Commercial Appeal - Memphis, TN

Donation will help update treatment of trauma in northern Iraq

By Daniel Connolly
Contact
August 14, 2007

Medical device maker Smith & Nephew is sending surgical equipment to Iraq to help bolt together shattered bones in a war-ravaged country that has a limited health care system.

The donation of several large boxes of plates, screws and surgical instruments is headed to country's relatively peaceful Kurdish north. The devices are meant for patients with traumatic injuries caused by everything from bullet wounds to car accidents, said Dr. Goran J. Bekhtyar.

Bekhtyar is president of a new Franklin, Tenn.-based nonprofit organization, Improved Health System for Iraq, which is collecting donations of medical equipment.

The shipment has enough material to serve at least 5,000 patients, said Bekhtyar, 42, who is originally from Iraq. And the donated surgical instruments could last even when the last screws and plates have been placed in patients, he said.

"In a hospital that's using products from 40 years ago, some of these instruments, for the next five years they'll be able to use it," he said after a ceremony at the trauma division's offices.

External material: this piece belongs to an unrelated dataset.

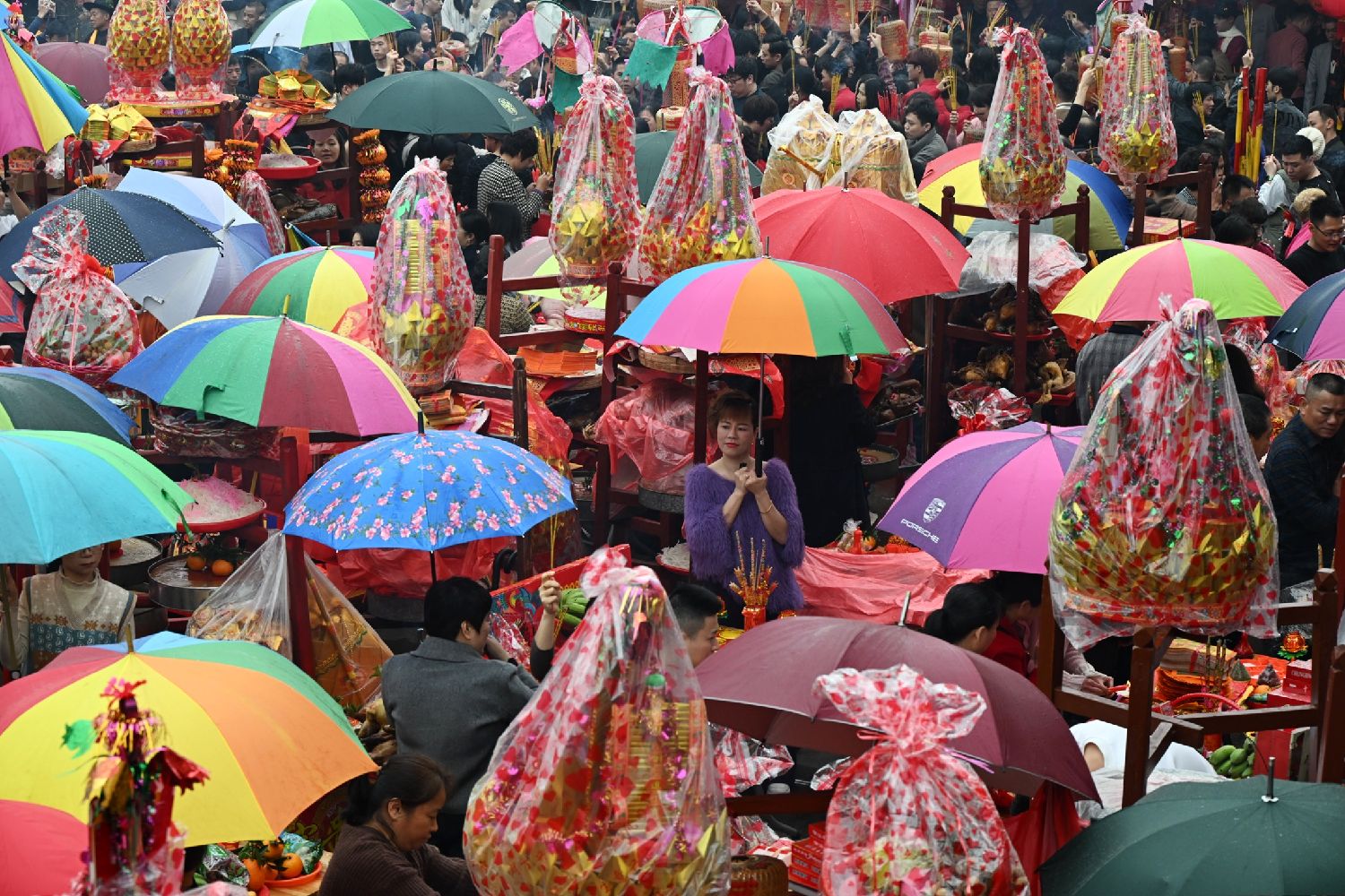 3月5日,农历正月廿五,广东省揭阳市砲台镇石牌村举行“摆粿架”民俗活动,现场挂着红灯笼和彩旗,广场上摆着数百个粿架。村民在粿架上摆放着甜粿、卤鹅、水果等,以祈求新年风调雨顺、五谷丰登。图为村民为粿架撑彩伞遮雨。(中新社)

It's not Smith & Nephew's only connection to Iraq. The firm also supplies trauma products directly to the U.S. military and to Veterans Affairs hospitals.

The Iraq shipment contains new devices like the Exogen unit, an ultrasound device meant to speed the healing of fractures, as well as older but still serviceable products, said Randy Wilkerson, Smith & Nephew's national director of military and Veterans Affairs sales.

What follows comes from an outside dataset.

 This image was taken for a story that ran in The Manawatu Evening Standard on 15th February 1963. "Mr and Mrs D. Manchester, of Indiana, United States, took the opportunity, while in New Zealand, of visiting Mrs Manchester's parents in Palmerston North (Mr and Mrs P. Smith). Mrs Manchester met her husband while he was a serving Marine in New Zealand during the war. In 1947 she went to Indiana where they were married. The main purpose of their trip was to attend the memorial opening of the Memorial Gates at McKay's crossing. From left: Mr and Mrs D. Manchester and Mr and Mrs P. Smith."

Most of the devices are meant to repair breaks in the long bones of the arms and legs, he said.

Iraqi surgeons often treat such fractures with traction, an obsolete method that requires the patient to lie still for weeks, but surgical methods to use screws and plates to bolt bones together lead to faster healing, Wilkerson said.

The shipment is part of Smith & Nephew's Project Apollo, a charitable program that gave away $126,551 worth of goods last year. Smith & Nephew didn't release the value of the Iraq donation.

Bekhtyar is an ethnic Kurd who said his family fled Iraq in 1974 because his father, an artist, had created anti-government propaganda images. The Kurdish region was in an armed conflict with the central government at the time.

A Lutheran organization helped the family obtain refugee visas to the United States, and Bekhtyar spent his formative years in Nashville.

He said he returned to Iraq for medical training, but at times did not use his last name to avoid persecution by Saddam Hussein's regime. After the 2003 invasion, he went back to Iraq as a health adviser to the new government.

He said the contacts he made there are helping him in his new role as head of his nonprofit organization.

The trauma products will be shipped by air later this month to Erbil, a city in Iraq's Kurdish region. From there, the goods will be distributed to five hospitals in the area. The organization is already in touch with orthopedic surgeons from around Iraq who plan to bring some of the surgical goods back to their own hospitals or take their patients to the area for treatment, Bekhtyar said.

The office of U.S. Rep. Marsha Blackburn, R-Tenn., helped put Bekhtyar in contact with Smith & Nephew, which evaluated his proposal.

Dwayne Montgomery, senior vice president for trauma sales and sales operations, said he was impressed with Bekhtyar's life story. The company's existing military contacts helped, too.

"We know, we see the suffering over there," he said. "We have a lot of focus for our U.S. military and government sales. So it all worked hand in hand."

Bekhtyar and Wilkerson said they hope the shipment won't be the end of the relationship.

Wilkerson said Smith & Nephew might continue donations to Iraq or sell its goods at lower cost. As a way to thank the company, Bekhtyar said he hopes to set up channels for Iraqi doctors to buy Smith & Nephew products.